-41-
İsrailoğulları’nın Allah’ı açıkça görmekle ilgili istekleri:

وإذ قلتم يا موسى لن نؤمن لك حتى نرى الله جهرة فأخذتكم الصاعقة وأنتم تنظرون.(55) ثم بعثناكم من بعد موتكم لعلكم تشكرون.
“Bir zamanlar: Ey Musa! Biz Allah’ı açıkça görmedikçe asla sana inanmayız, demiştiniz de bakıp durur olduğunuz halde hemen sizi yıldırım çarpmıştı.
Sonra ölümünüzün ardından sizi dirilttik ki şükredesiniz.” (Bakara 55-56)

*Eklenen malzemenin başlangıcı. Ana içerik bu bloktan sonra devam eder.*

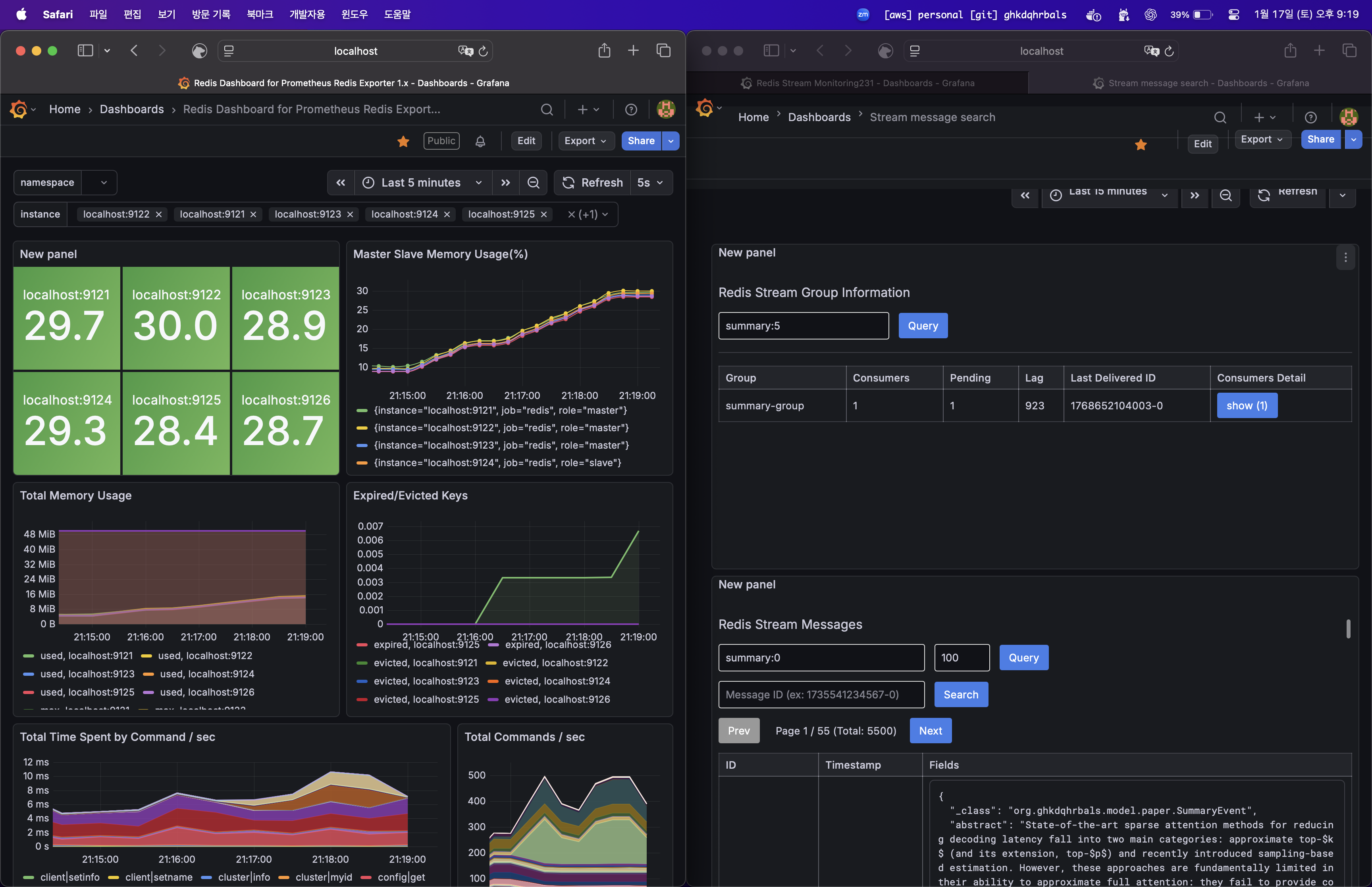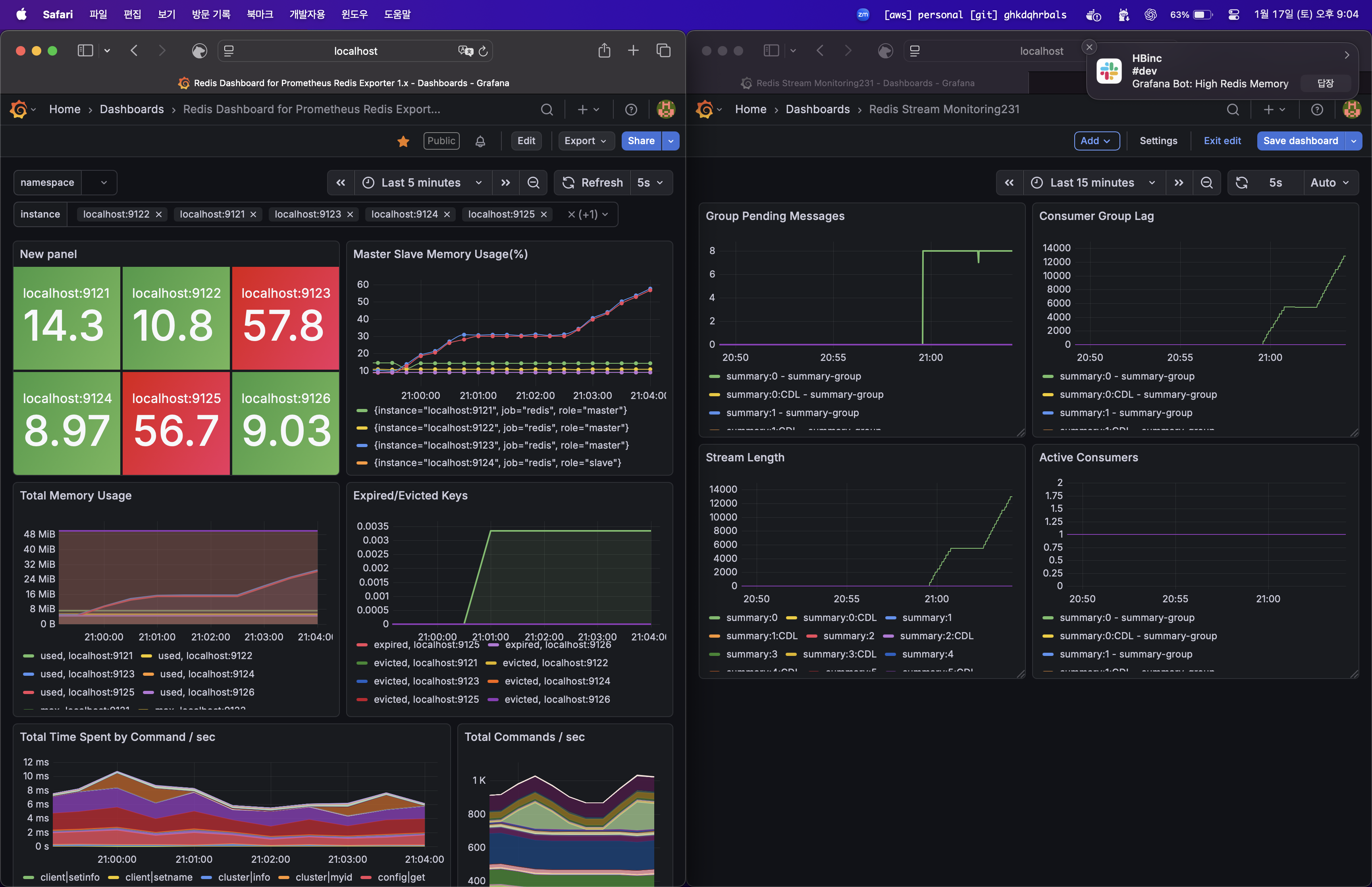 단일 파티션 로드 테스트 수행하였고 9123 master 9125 slave 에서 50% 임계값 넘어가자마자 슬랙이 도착하였습니다! 로컬 ollama ai 에 요청하고있어서 처리량이 매우매우매우 낮습니다(gamma3 500 token 요청 시 1 tps). 그래서 lag 는 줄긴 줄지만 거의 안줄어들고 있는 것을 확인할 수 있습니다.
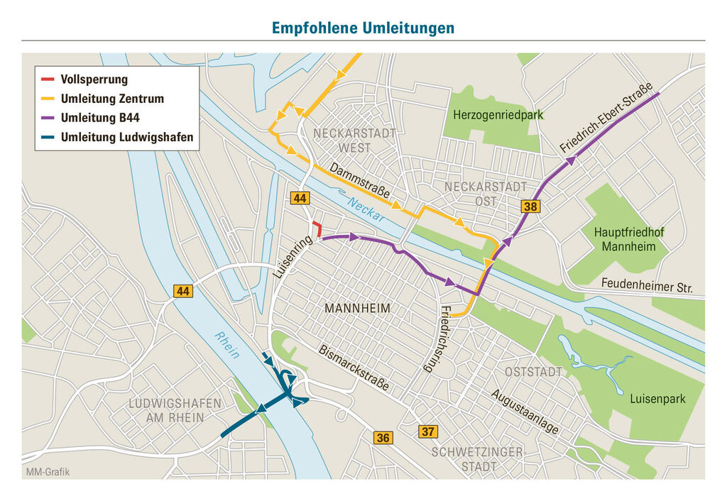 Umleitung B44: Luisenring Fahrtrichtung Friedrichsring: Kurpfalzkreisel – Friedrichsring – Collinistraße – Friedrich-Ebert-Straße (B38) Fahrtrichtung Mannheim Käfertal.

Musa Aleyhisselam İsrailoğulları’na getirmiş olduğu mucizeler yetmiyormuş gibi yeni bir mucize istediler. İstekleri Allah’ı açıktan görmekti. Oysaki aklen Allah’ın varlığına inanan kimse böyle bir şey düşünemez. Çünkü akıl Allah’ın sınırlı olmadığına inanır. İnsan ise sınırlı bir varlıktır. Yine insanın duyu organları ve bütün güçleri de sınırlıdır. Bu nedenle, ancak sınırlı olan şeyleri görür ve hisseder. İnsan her şeyin sınırlı, muhtaç ve aciz olduğunu hissedince bir yaratıcının var olduğunu fark eder. Bu şekilde, insan Allah’ın aklın fevkinde olduğunu anlar. İnsanın aklı ancak sınırlı olanları ve hissettiği şeyleri düşünebilir. Duyu organları vasıtasıyla hissedilen vakıaları beyne nakleder ve bu şekilde önbilgiyle düşünmeye başlar.
Allah’ı görememek, imanı zayıflatmaz, aksine güçlendirir. Varlığı izlerinden değil de, direkt olarak hislerle müşahede edilenlerin sınırlı olduğunu anlarız. Çünkü gözümüz ve duyu organlarımız sınırlıdır ve ancak sınırlı olanı idrak edebiliriz. Allah’ın varlığını tasdik, kendimizin, tabiatın, kainatın aciz ve sınırlı olduğunu kavradıktan sonra doğar. Bundan dolayı, her şey aciz, muhtaç ve sınırlıdır deyince, sınırlı olmayan, aciz olmayan ve muhtaç olmayan bir güce ihtiyacımızın olduğu ortaya çıkar. Bizi yaratabilecek ancak O’ dur. Sınırlı olan yaratıcı olamaz. Bu sebeple bu asırda “yaratıcıyı göster inanayım” diyen bir kısım kafirler, İsrailoğulları’nın durumuna benzemektedirler. Bu kişiler derin ve aydın düşünmedikleri için böylesi akılsızlığı gösterirler. Yukarıda izah ettiğimiz gibi derin ve aydın düşünselerdi, bu akla girmeyen talepte bulunmazlardı.
Müslümanlar olarak bizler Allah’ı görme talebinde bulunmuyoruz. Böyle bir düşünceyi aklımızdan da geçirmiyoruz. Çünkü Müslümanlar olarak, Allah’ın sınırlı olmadığına şüphesiz olarak inandık ve kesin olarak tasdik ettik. “Aklımız ancak sınırlı olanları idrak eder ve görebilir” şeklinde de meseleyi telakki ettik.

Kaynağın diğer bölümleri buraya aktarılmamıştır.